杏が実母から「うつされた」と思うもの、それは不安です。実母は元夫の闘病により、「困ったことがあったら、神さまや霊能者に頼る」というクセがついているようです。カウンセリング的に使うならいいと思いますが、事務所からコンサル料を払うというのは、ちょっと依存的と言っていいのではないでしょうか。なぜ、こういう人にすがってしまうかというと、不安が強いからだと思うのです。

 

子どもの思考回路は、親によって作られます。

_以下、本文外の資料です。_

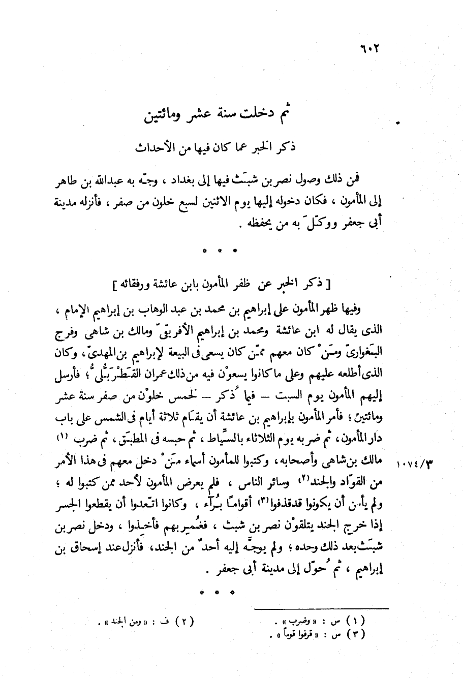 (ذكر الخبر عما كَانَ فِيهَا من الأحداث) فمن ذلك وصول نصر بْن شبث فيها إلى بغداد، وجه به عبد الله بْن طاهر إلى المأمون، فكان دخوله إليها يوم الاثنين لسبع خلون من صفر، فأنزله مدينة أبي جعفر ووكل به من يحفظه.

不安が強い母親に育てられれば、当然、子どもの不安も強くなります。杏が問題のある男たちとの交際を、本当に母親に打ち明けているとしたら、それもまた、不安のなせる業だと思うのです。

 

独身同士のカップルならいざ知らず、既婚オトコ、DVオトコと問題があった場合の解決方法は「彼に妻と別れてもらうか、自分が別れる」か「離れる」というシンプルなものしかない。それがわかっていながら、母親に打ち明けているとしたら、不安を抱えきれないから誰かに聞いてほしかったのではないでしょうか。

 

日本のドラマだと、こういうときに母親は「大丈夫よ」と笑ってはげましてくれるものと決まっていますが、不安の強い母親の場合、打ち明けられたことで不安が爆発、センセイ(霊能者)に相談しなくては!相談するには相談料!おカネ!ぎゃ~!と話が必要以上に大きくなってしまうのではないでしょうか。

 

杏が私の推測するように、不安定な家庭で不安を「うつされて」成長したとしても、それが悪かというと、そうは思わないのです。

 

不安定な家庭で育ったことが芸能界で成功するモチベーションにつながった部分はあるでしょうし、不安が強いから、日ごろのトレーニングを入念にしたりするというプラスな面もあるはず。

 

家族との関係を振り返るというと、必ず「いいトシして家族のせいにするな」という人が出てきますが、誰かを糾弾せよという話ではないのです。どんな物事にも「いい面」と「悪い面」はあるはず。大事なのは、両方から眺めて考えてみることではないかと思います。